His .310 batting average and .471 slugging percentage are a near-match for what Yadier Molina has done in the same span (albeit in more than twice as many at-bats).

He can hit anything
Perez is one of the game’s best contact hitters. Last season, he put 55 percent of his swings in play, the fifth-highest rate among players with at least 250 plate appearances.

He was able to do this because he was very adept at hitting pitches outside the strike zone. Perez put half of his swings against those pitches into play, the highest rate in the majors.

All right vs lefties
Perez’s contact numbers are even better against left-handed pitchers. In two seasons, he’s hitting .393 with as many home runs as strikeouts (6) in 112 at-bats against lefties.

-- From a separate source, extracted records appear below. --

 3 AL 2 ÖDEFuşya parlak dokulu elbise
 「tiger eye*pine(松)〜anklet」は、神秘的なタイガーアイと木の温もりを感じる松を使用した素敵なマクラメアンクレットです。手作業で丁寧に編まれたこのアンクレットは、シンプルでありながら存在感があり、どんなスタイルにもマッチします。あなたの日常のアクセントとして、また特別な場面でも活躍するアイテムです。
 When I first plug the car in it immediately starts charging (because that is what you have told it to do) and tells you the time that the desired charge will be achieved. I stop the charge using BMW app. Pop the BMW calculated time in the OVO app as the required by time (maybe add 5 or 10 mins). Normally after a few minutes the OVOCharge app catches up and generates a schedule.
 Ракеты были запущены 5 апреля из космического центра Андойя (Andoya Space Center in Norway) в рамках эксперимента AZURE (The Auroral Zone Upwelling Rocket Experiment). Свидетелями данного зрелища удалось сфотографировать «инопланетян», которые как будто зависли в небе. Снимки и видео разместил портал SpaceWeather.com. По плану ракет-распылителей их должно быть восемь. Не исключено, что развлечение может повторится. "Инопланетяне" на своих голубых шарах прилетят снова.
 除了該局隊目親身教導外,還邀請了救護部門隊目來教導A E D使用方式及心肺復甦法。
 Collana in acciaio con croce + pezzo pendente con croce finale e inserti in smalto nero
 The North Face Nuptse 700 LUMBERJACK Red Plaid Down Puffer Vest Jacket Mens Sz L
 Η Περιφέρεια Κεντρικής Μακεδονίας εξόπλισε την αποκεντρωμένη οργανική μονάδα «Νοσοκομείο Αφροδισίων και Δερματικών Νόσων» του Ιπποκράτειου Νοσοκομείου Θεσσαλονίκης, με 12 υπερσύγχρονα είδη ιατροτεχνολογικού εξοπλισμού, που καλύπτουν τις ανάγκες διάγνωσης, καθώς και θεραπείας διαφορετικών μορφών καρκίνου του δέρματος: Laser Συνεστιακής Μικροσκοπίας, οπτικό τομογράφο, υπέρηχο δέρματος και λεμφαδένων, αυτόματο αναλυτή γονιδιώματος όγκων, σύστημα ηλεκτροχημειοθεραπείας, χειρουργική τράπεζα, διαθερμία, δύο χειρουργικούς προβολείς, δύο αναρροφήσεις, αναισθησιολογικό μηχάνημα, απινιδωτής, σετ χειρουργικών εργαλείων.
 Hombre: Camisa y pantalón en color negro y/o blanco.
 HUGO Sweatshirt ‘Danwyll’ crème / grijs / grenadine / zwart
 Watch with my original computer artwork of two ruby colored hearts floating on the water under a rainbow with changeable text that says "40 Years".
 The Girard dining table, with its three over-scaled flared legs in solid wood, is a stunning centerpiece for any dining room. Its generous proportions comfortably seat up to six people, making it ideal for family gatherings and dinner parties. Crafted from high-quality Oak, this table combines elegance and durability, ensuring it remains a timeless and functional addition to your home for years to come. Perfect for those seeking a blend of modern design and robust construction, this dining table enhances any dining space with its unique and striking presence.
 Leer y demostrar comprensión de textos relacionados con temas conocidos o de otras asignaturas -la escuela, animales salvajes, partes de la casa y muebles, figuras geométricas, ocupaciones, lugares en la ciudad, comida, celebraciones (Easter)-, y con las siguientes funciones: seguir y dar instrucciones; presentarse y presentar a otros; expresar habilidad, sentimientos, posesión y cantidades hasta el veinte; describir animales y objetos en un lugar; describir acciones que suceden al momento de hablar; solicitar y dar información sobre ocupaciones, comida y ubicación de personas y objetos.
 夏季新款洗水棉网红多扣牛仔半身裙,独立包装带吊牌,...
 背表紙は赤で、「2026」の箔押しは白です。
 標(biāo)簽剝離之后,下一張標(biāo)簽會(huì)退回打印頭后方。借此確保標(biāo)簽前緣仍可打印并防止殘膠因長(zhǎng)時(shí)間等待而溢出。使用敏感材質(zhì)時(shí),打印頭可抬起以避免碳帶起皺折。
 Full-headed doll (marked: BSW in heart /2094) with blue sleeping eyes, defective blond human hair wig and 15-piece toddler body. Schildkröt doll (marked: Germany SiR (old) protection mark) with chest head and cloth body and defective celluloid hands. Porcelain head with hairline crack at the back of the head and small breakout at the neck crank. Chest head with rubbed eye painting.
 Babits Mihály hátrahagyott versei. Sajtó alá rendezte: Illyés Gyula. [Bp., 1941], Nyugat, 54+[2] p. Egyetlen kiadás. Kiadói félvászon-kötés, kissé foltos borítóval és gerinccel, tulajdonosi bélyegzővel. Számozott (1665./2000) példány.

In the first 200 swings Perez has taken against left-handed pitching, he’s missed only 10 times. That 5 percent miss rate is bettered over the last two seasons by only Jeff Keppinger.

A good glove
Perez has brought value on the defensive end. Last season, he finished with nine Defensive Runs Saved. Perez threw out 15 of 40 runners attempting to steal, the best rate among any American Leaguer who caught at least 50 games. His five pickoffs were the most of any catcher in baseball.

Lots of value
In his 115 games, Perez has been worth 4.2 Wins Above Replacement. The five other players who have caught games for the Royals in that two-year span have combined for 0.4 Wins Above Replacement.

Perez’s 4.2 WAR is tied for 11th-best among catchers. It’s the same total as Milwaukee Brewers catcher Jonathan Lucroy, but in half as many games.